Adil Albay’ın askerî başarıları ve fedakârlığı, aldığı nişan ve madalyalarla da ödüllendirildi: 1907 Harp Madalyası, 1915 Muharebe Gümüş Liyakat Madalyası, 1918 Kılıçlı Dördüncü Dereceden Mecidî Nişanı ve 1926’da TBMM tarafından verilen İstiklal Madalyası, onun cesaretini ve adanmışlığını simgeliyordu.
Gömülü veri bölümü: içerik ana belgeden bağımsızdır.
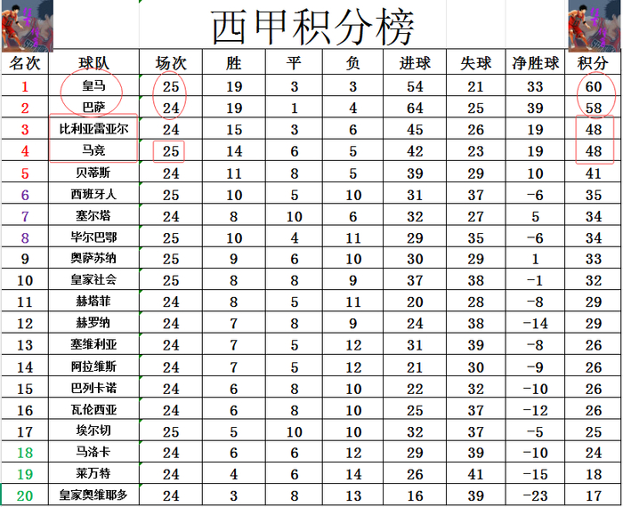 积分榜方面,皇马先赛输球,暂时还是2分优势力压巴萨领跑,只不过他们今天这一爆冷输球给巴萨反超机会,极可能让他们来个榜首一轮游,本轮巴萨只要拿下3分,就能1分优势超过皇马夺回榜首。此前3轮只拿到1分的马竞今天终于止住颓势,暂时追上比利亚雷亚尔,差榜首的皇马12分还是排在第4。
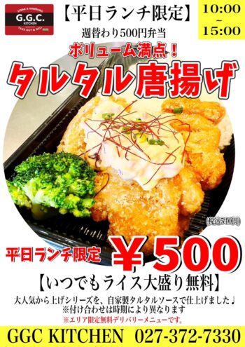 【タルタル唐揚げ弁当】2024年4月1日(月)から4月5日(金)平日限定ワンコインランチ/GGCキッチン
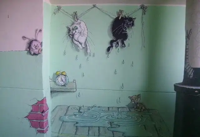В каком бы культурном районе ты не жил, всегда найдется какой-нибудь козел, который испишет стены подъезда всякими гадостями. Один талантливый отец семейства вооружившись гуашью и карандашами избавил соседей от никому не нужного "народного творчества". Заодно собственных детишек порадовал.
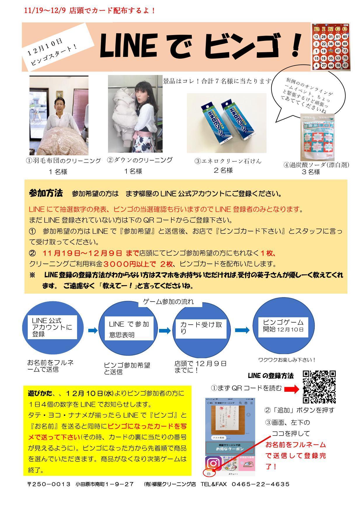 ②11/19〜12/9 柳屋クリーニング店頭で ビンゴカードを受け取る。
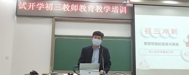 2020年5月8日上午,澳门网上博彩召开初三试开学全体教师动员培训会。本次会议由初三年级组长张晓明主持。校长王殿军、党委书记方妍、副校长白雪峰、副校长徐文兵、教学管理与研究中心主任张苏及全体初三教师共60余人参会。
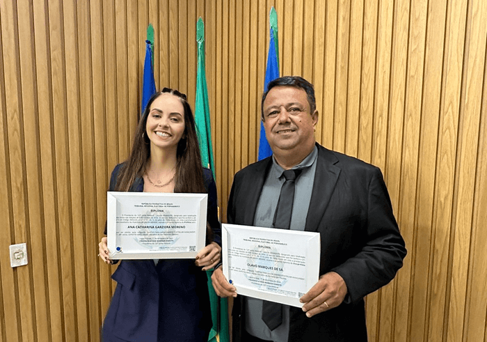 O Tribunal Regional Eleitoral diplomou, na manhã desta terça-feira, Catharina Garziera (PSB) como prefeita de Lagoa Grande, no Sertão do São Francisco, ao lado do seu vice, Olavo Marques (PSD). Eles assumirão a gestão do município a partir do dia 1º de janeiro de 2025.
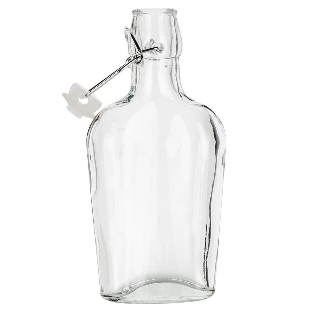 Sticlă practică din sticlă cu volum de 180 ml, cu închidere patentată cu clips pentru depozitarea băuturilor în siguranță și cu stil. Ideală pentru vinuri de casă, lichioruri, siropuri și bere. Sticla groasă și rezistentă evidențiază frumos conținutul, iar clipsul etanș previne scurgerile și prelungește prospețimea. Dimensiunile sticlei sunt 9 × 4 × 20 cm.
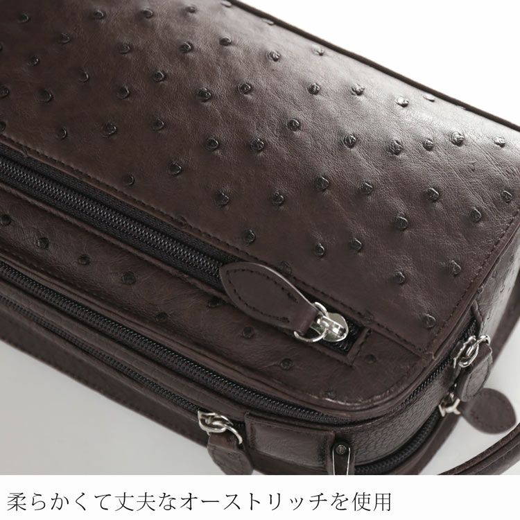 オーストリッチ セカンド バッグ Wファスナー / メンズ 4FB
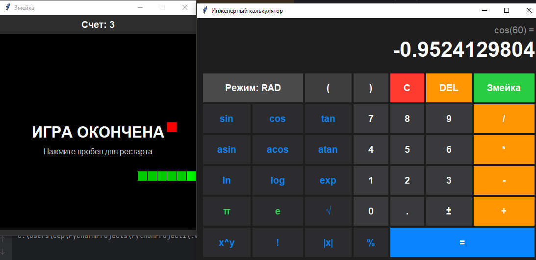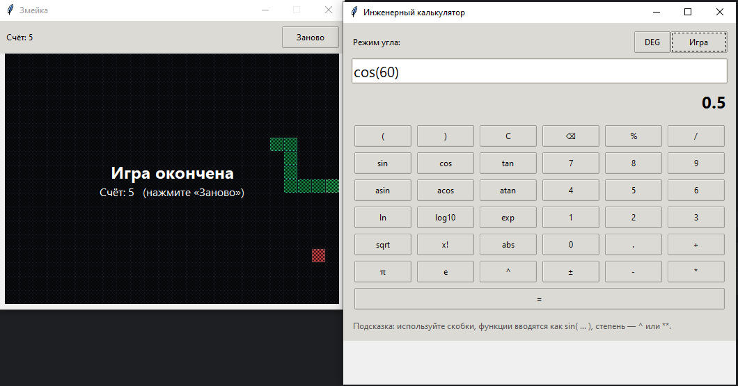 Как уже можно заметить, этот калькулятор тригонометрические величины измеряет в радианах. Опять же, нельзя сказать, плюс или минус это. Все же это будет зависеть от конкретной задачи. Дизайн самого калькулятора мне нравится больше, чем аналог от ChatGPT 5.2 Pro. Однако в калькуляторе выше змейка выглядит намного привлекательнее, чем тут. Максимальный балл в копилку модели, все же с заданием они справились обе.

Adil Albay, Erzurum’un sert dağlarından çıkıp Osmanlı ve Cumhuriyet ordularının çeşitli cephelerinde görev yapmış, disiplinli, cesur ve kararlı bir komutandı. Onun hikâyesi, savaşın acı gerçekleri ve zorlu yaşam koşullarıyla şekillenen bir liderin portresi; Türkiye’nin bağımsızlık mücadelesinin ve modern Türk ordusunun inşasının canlı bir tanıklığıdır. Cephedeki her karar, askerleriyle kurduğu bağ ve stratejik öngörüsü, onu unutulmaz bir kahraman hâline getirdi.